Task directions: From the data that follows, set down exactly the lines from the one with "A vertical photograph" through the one with "Glass Links/Connectors, with", counting both. Pictures stay out.

::::::::::

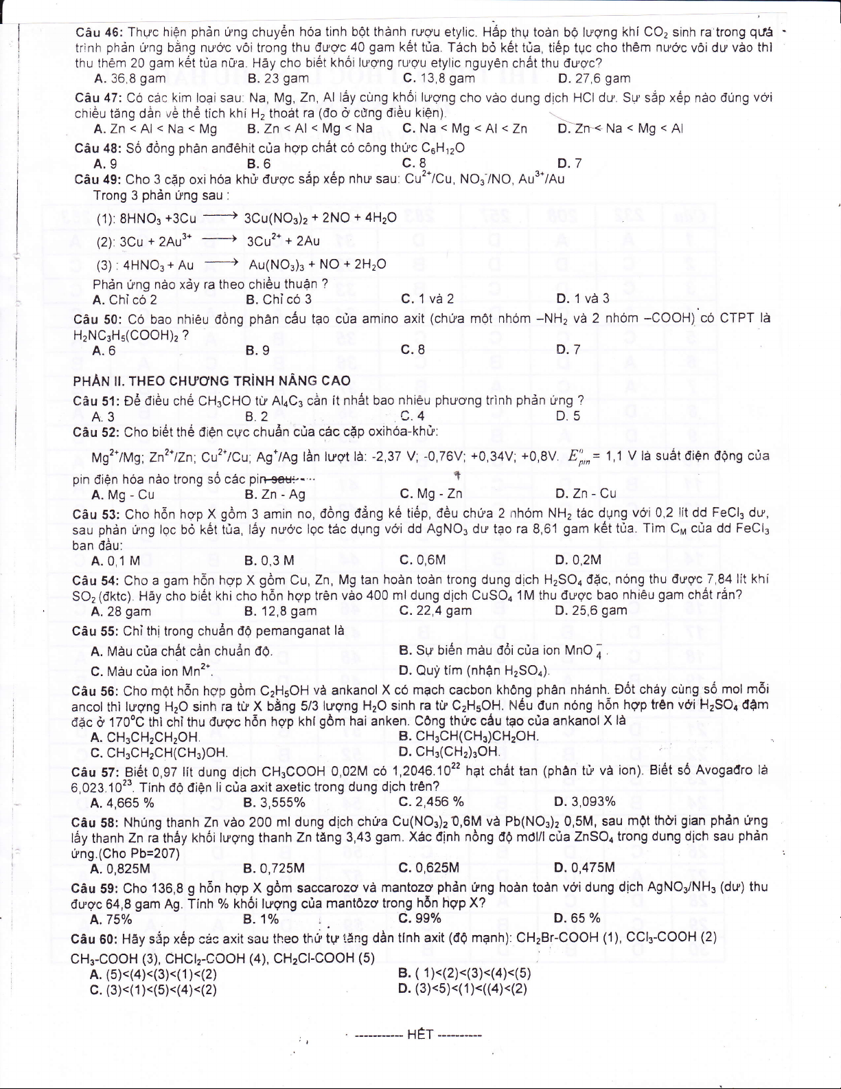 cau 57: Bi6t 0,97 tit dung dich CH3COOH 0,02M c6 1,2046.1022 hat chdt tan (phAn trl vd ion). Bi6t s6 Avogadro ldr
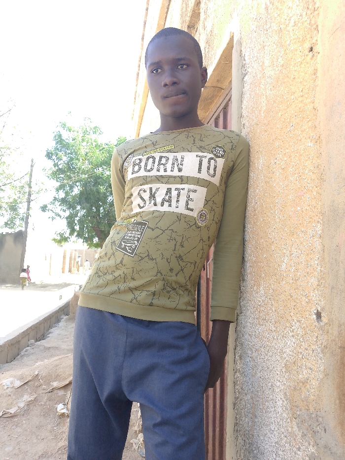 A vertical photograph captures a young male individual standing outdoors in Hotoro North, Nigeria
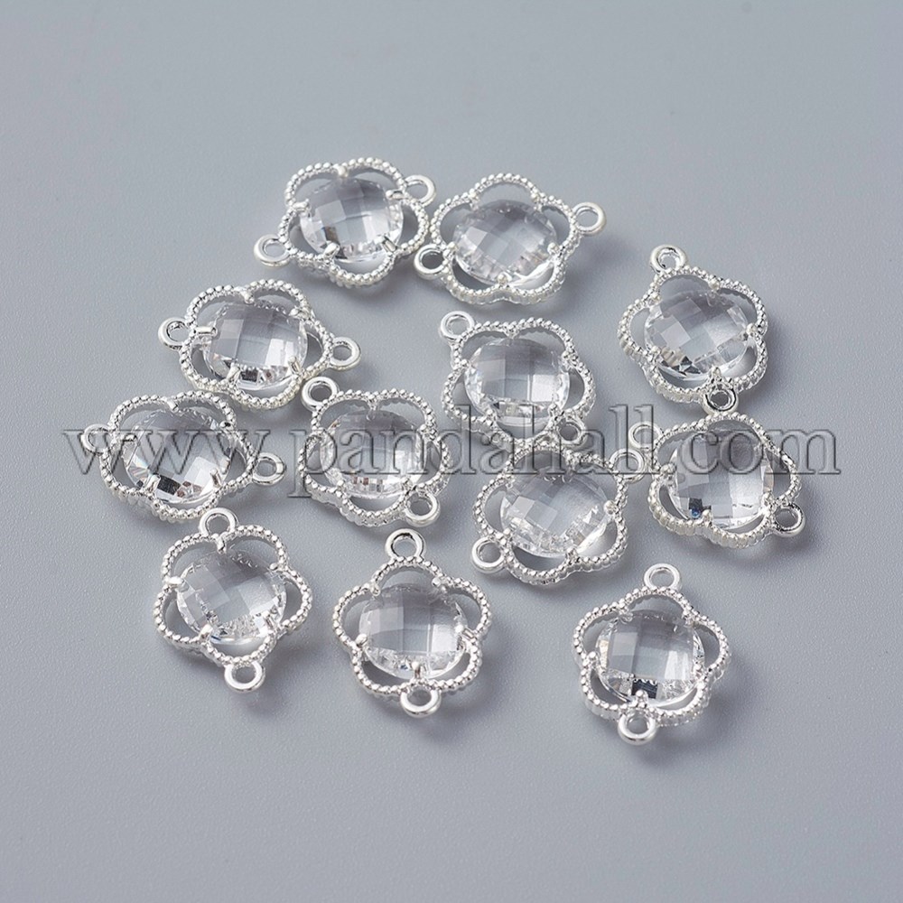 Glass Links/Connectors, with Environmental Alloy Open Back Berzel Findings, Faceted, Flower, Silver, ClearSize: about 12mm wide, 15.5mm long, 3mm thick, hole: 1.4mm.
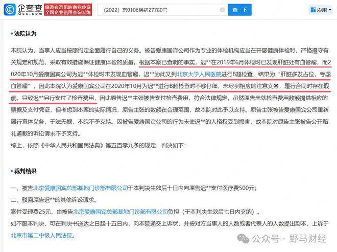 根据裁判文书网上2023年的一则判决显示,爱康国宾旗下北京爱康国宾总部基地门诊部也曾因医疗服务纠纷被起诉。原告在2019年6月体检时已发现肝脏处有血管瘤,而2020年10月在爱康国宾公司体检时未发现血管瘤,原告为此又到北京大学人民医院进行B超检查,结果为“肝脏多发占位,考虑血管瘤”。法院认为,爱康国宾公司在2020年10月为原告进行B超检查时不够仔细,未尽到相应的注意义务,导致原告另行支付检查费用,一审判决向原告支付医疗费500元和案件审理费25元,二审驳回该公司上诉。
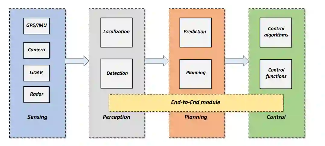 一般情况下,ADS由感知、感知、规划和控制等功能模块组成。传感模块利用相机、雷达、激光雷达等多个智能传感器对环境数据进行采集和预处理。感知模块从传感器中提取信息,以了解环境状况,如道路、障碍物、交通标志等。规划模块根据感知模块的输出,生成ADS期望遵循的最优行驶轨迹。最后,控制模块发送横向和纵向控制信号,驱动ADS沿规划轨迹运动。特别是一些ADS采用了一种特殊的端到端设计,将感知、规划和控制功能集成在一个模块中。这些模块相互协作,共同决定ADS的行为;任何一个模块的功能异常都可能导致系统故障,严重威胁ADS的安全。
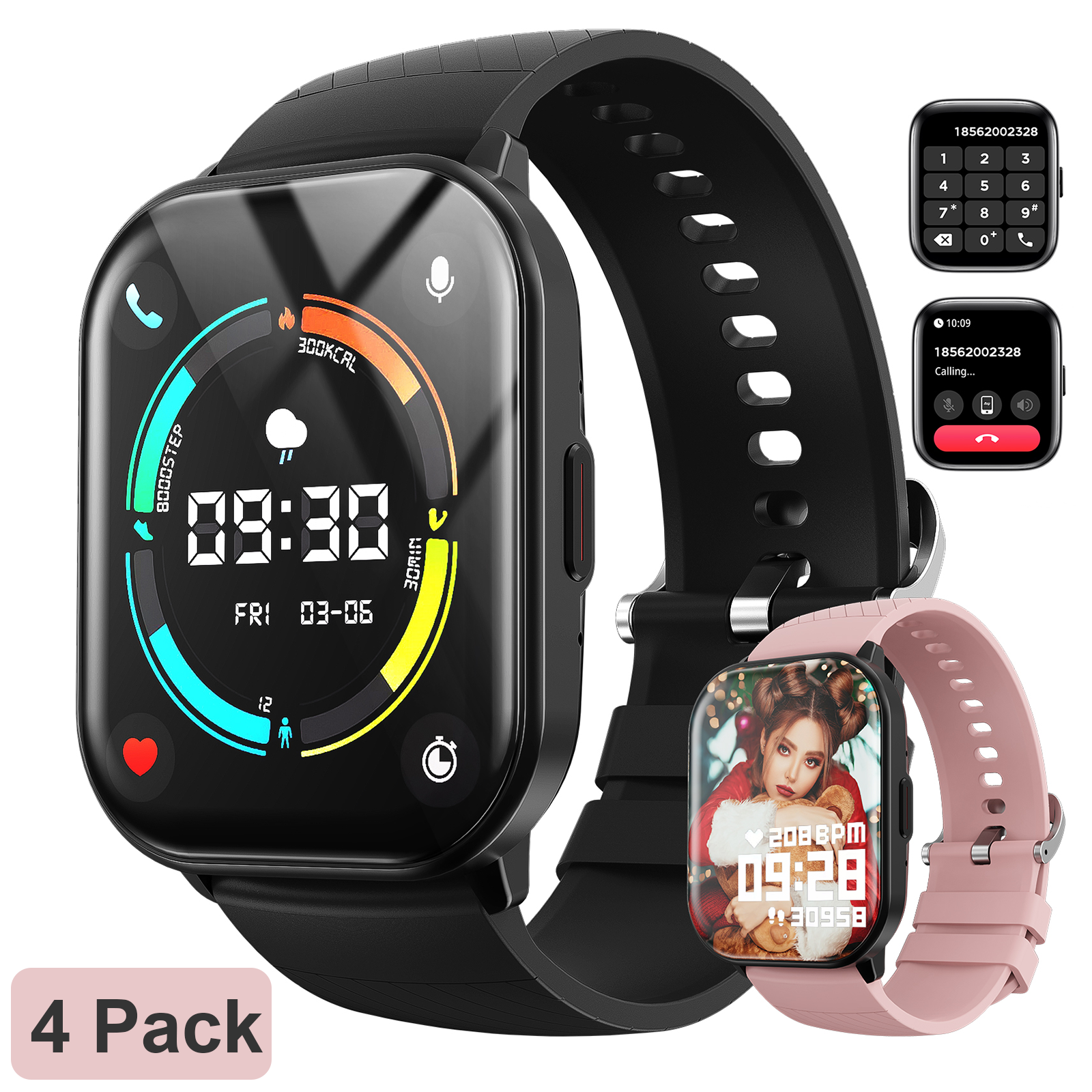 (4 pack) AUOSHI Smart Watch fits for Android & iPhone (Bluetooth Answer/Make Calls), 2.01 inch IP68 Waterproof Tracking Fitness, Sleep Monitor/Pedometer/Calories,Multiple Sports Modes,Black (4 pack) AUOSHI Smart Watch fits for Android & iPhone (Bluetooth Answer/Make Calls), 2.01 inch IP68 Waterproof Tracking Fitness, Sleep Monitor/Pedometer/Calories,Multiple Sports Modes,Black

::::::::::

Answer to the exercise:
 A vertical photograph captures a young male individual standing outdoors in Hotoro North, Nigeria
 Glass Links/Connectors, with Environmental Alloy Open Back Berzel Findings, Faceted, Flower, Silver, ClearSize: about 12mm wide, 15.5mm long, 3mm thick, hole: 1.4mm.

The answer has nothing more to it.